▸ **Task instructions**
All lines in the records below from the line with "Export offers of" through the line with "Þessi einstaki staður" are to be given again exactly, both ends included; the pictures are to be left out.

▸ **Input for this task**
────────────────────

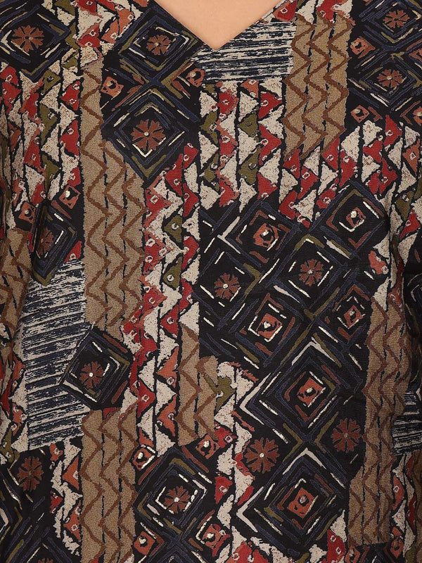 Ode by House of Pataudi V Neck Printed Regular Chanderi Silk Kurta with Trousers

────────────────────

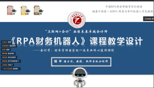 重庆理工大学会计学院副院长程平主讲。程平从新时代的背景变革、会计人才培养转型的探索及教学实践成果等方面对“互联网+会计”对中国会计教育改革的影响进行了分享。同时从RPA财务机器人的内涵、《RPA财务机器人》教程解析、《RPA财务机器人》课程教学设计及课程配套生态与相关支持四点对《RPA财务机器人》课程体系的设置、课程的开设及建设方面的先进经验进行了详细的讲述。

────────────────────

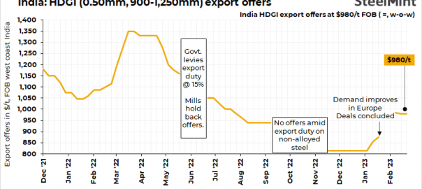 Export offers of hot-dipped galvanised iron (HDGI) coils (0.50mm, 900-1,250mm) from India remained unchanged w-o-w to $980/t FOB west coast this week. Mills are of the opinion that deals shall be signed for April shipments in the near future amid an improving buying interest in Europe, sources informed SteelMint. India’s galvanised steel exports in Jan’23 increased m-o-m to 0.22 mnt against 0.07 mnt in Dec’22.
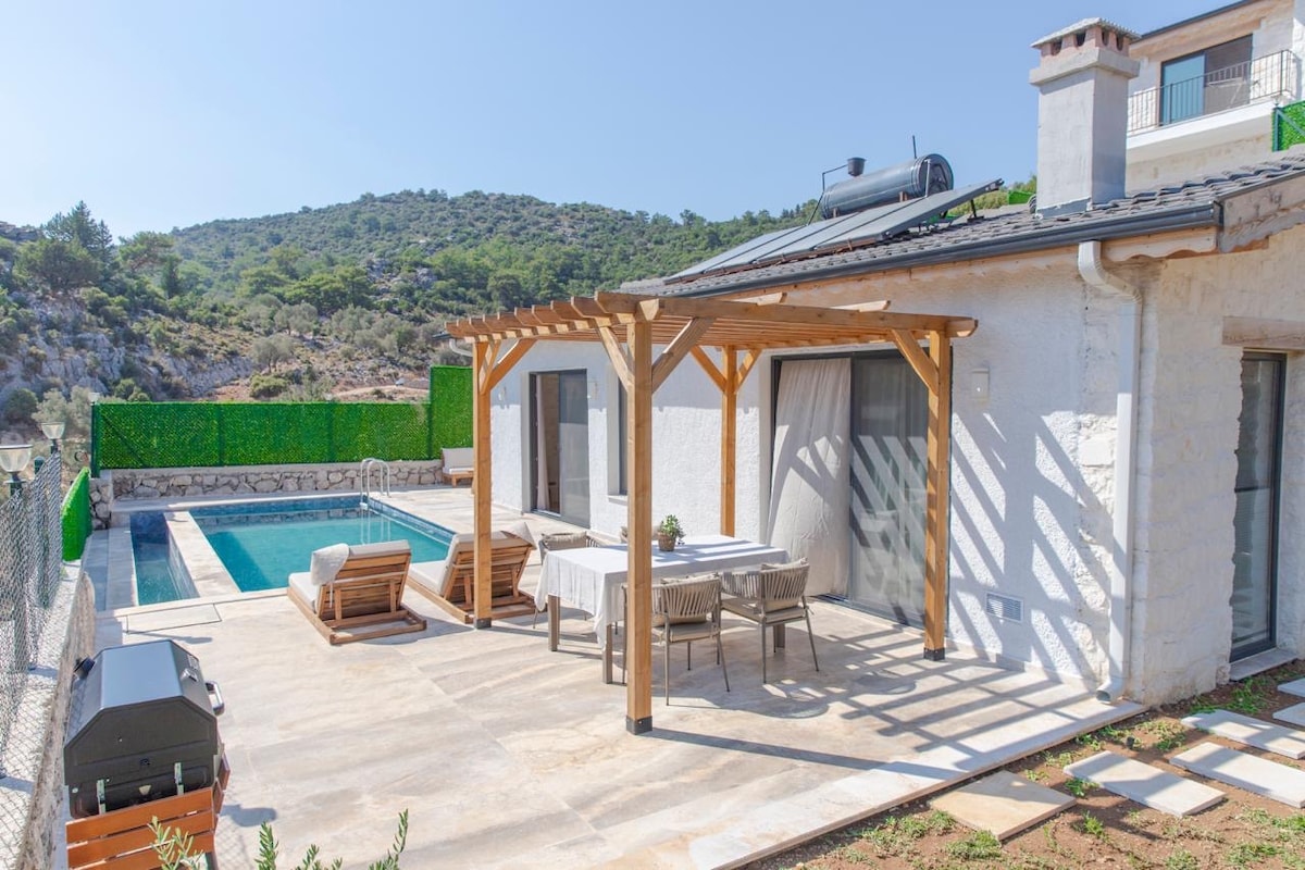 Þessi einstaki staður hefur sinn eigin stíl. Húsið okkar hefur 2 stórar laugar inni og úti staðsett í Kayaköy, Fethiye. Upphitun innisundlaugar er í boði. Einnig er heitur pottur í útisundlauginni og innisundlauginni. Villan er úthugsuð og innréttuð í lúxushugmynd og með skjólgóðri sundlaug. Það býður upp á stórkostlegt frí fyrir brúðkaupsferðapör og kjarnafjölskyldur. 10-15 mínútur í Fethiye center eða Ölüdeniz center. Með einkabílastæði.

────────────────────

▸ **Exercise solution**
 Export offers of hot-dipped galvanised iron (HDGI) coils (0.50mm, 900-1,250mm) from India remained unchanged w-o-w to $980/t FOB west coast this week. Mills are of the opinion that deals shall be signed for April shipments in the near future amid an improving buying interest in Europe, sources informed SteelMint. India’s galvanised steel exports in Jan’23 increased m-o-m to 0.22 mnt against 0.07 mnt in Dec’22.
 Þessi einstaki staður hefur sinn eigin stíl. Húsið okkar hefur 2 stórar laugar inni og úti staðsett í Kayaköy, Fethiye. Upphitun innisundlaugar er í boði. Einnig er heitur pottur í útisundlauginni og innisundlauginni. Villan er úthugsuð og innréttuð í lúxushugmynd og með skjólgóðri sundlaug. Það býður upp á stórkostlegt frí fyrir brúðkaupsferðapör og kjarnafjölskyldur. 10-15 mínútur í Fethiye center eða Ölüdeniz center. Með einkabílastæði.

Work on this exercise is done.